Кинув быстрый взгляд на дом, подумал: «А что, если приглашу, а? Нагрянем… Запросто… Огорошу родителей: знакомьтесь, скажу с порога, моя девушка! А что? Почему и не преподнести сюрприз? Отец, вне всякого сомнения, воспримет спокойно, но мать… Пожалуй, экспромт не оценит. Может даже огорченно расплакаться. А Света?.. Как она поведет себя в этой непростой ситуации?.. Неизвестно».
Молнией все это пронеслось в его голове. Осторожность победила безрассудство.
Они молча прошли мимо родового гнёздышка. Остановились лишь возле кинотеатра «Урал», у красочного рекламного щита, из которого они узнали, что с нынешнего понедельника начался месячник советского фильма, сегодня, в частности, через полчаса начнется очередной сеанс.
— Посмотрим, а? — предложил Игорь.
— Что именно?
— Месячник…
— Ясно, что месячник… А какой фильм, конкретно?
— «Любовь Яровая»… Фильм снят в канун и в честь, если только я не ошибаюсь, пятидесятилетия Октябрьской революции…
Светлана, хмыкнув, поправила, опираясь на собственные представления о тех давних событиях:
— Не революция, а переворот, послуживший причиной кровавой гражданской войны.
— Да, но… Фильм неплохой… И, главное, великолепно сыграли артисты… Тот же Юрий Соломин, воспылавший страстью…
— К Чуриковой?! — Светлана рассмеялась. — Не приведи Господи, если приснится сия соблазнительница гвардейского офицера… Продолжала бы и дальше изображать Бабу Ягу… Точь-в-точь… И грима не надо. Сколько бы сэкономили?..
Светлана, отвернувшись от щита, пошла прочь. Игорь понял, что его идея решительно отвергнута.
Игорь решительно не понимал Светлану. Он шел рядом с подругой, которая способна столь решительно отвергать то, что противоречит ее представлениям, и думал: «Да, Чурикова — не красавица! Но роль большевистской комиссарши сыграла, по мнению многих кинокритиков, великолепно. А интересно, — внезапно родилась крамольная мысль, — я мог бы, будучи очарованным некрасивой особой внешне, однако богатой духовно, нарушить воинской долг, предать товарищей по оружию? — Игорь покосился на девушку, пробуя сравнить с Чуриковой. — Нет! Никогда! Невозможно!.. Лишь потому, что некрасива? А талант? Он разве не в силах очаровать мощнее, чем красота?».

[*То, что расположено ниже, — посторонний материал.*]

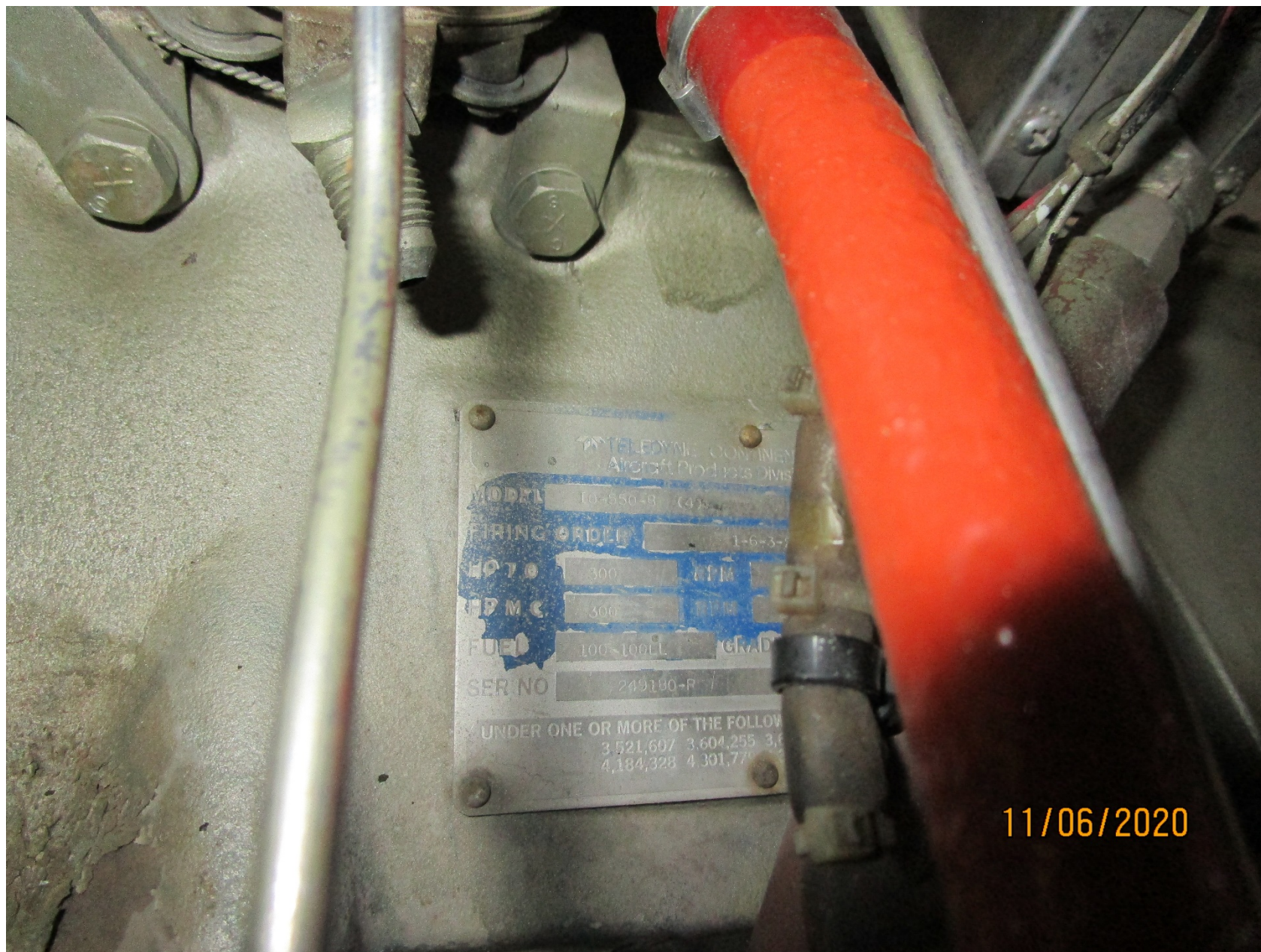
Photo 5 - Supplied view of the engine dataplate.

Игорь не мог даже представить себе, что Светлана в эти минуты обуреваема схожими мыслями. Сравнивая статного и высокого (по ее прикидкам, не меньше ста восьмидесяти сантиметров, и она ему лишь по плечо), с мужественным лицом, не рохля и явно (в классическом понимании) не маменькин сынок, если одеть в форму гвардейского офицера, выглядеть будет, подобно Юрию Соломину, с тем же блеском? Покосившись на партнера, горделиво констатировала: «Мог бы дать и фору».
Девушка вдруг подняла на парня серо-голубые глаза и мысленно представила, что она замужняя, что они прогуливаются, что в их семейном расписании обычный вечерний моцион, что встречное бабье отродье пялит на них глазищи и, провожая, завистливо вздыхает: повезло, дескать, девчонке, вон, мол, какого парня отхватиила.
Чтобы не в мыслях, а наяву почувствовать, какое они произведут впечатление на прохожих, Светлана нежным голосом обидчиво произнесла:
— Идем… Как чужие… Ты как, если возьму тебя под руку, а?
— Буду счастлив! — неоправданно громко воскликнул Игорь и, стушевавшись, покраснел. — Хотел сам проявить инициативу, однако… Меня, этакого рохлю, опередила. Позволь мне подхватить под ручку? Какой-никакой, а человек в штанах, то есть, мужчина.
Светлана, отрицательно качнув головой, сказала, как отрезала:
— Только я! Молчи: я так хочу!
Взяв под руку, крепко прижавшись к Игорю, испытывая, очевидно, великое наслаждение от близости, вздернула голову, так вздернула, что тяжелые косы темно-каштановых волос взлетели вверх и опустились, но не на спину, а на грудь, удобно примостившись, между остро вздымавшихся двух упругих холмиков.
Светлана от счастья сияла. Потому что убедилась в правоте своих недавних мыслей. Все, кто встречался им, оборачивались, а из компании один молодой мужчина (Светлана явственно слышала) восхищенно произнес:
— Молодожены!
А Игорь? Как он себя чувствовал? Не ошибусь, если высокопарно скажу: не иначе, как наверху блаженства! Слышал ли он только что прозвучавшее восклицание прохожего? Слышал! И реакция была соответствующей. Потому что, два года спустя, признается:
— Был на седьмом небе! Готов был кинуться перед Светланой на колени и тотчас же потащить в ЗАГС. И не отпускать от себя до смерти. Но… Был понедельник, именуемый россиянами тяжелым днем, остановил до лучших времен исполнение жгучего желания. Прежде всего, из-за того, что был для приема брачующихся выходной. Значит? Глупить не стал: не юнец, чтобы при первой вспышке желания, кидаться, очертя голову, в нечто призрачное. Здравомыслие остудило и, наверное, это было правильно. Как говорят на Руси исстари: утро вечера мудренее. Конечно, остается вопрос: действительно ли я в те минуты пребывал на седьмом небе от счастья? Не иллюзия ли, овладевшая мною столь внезапно, то была? Нет и еще раз нет!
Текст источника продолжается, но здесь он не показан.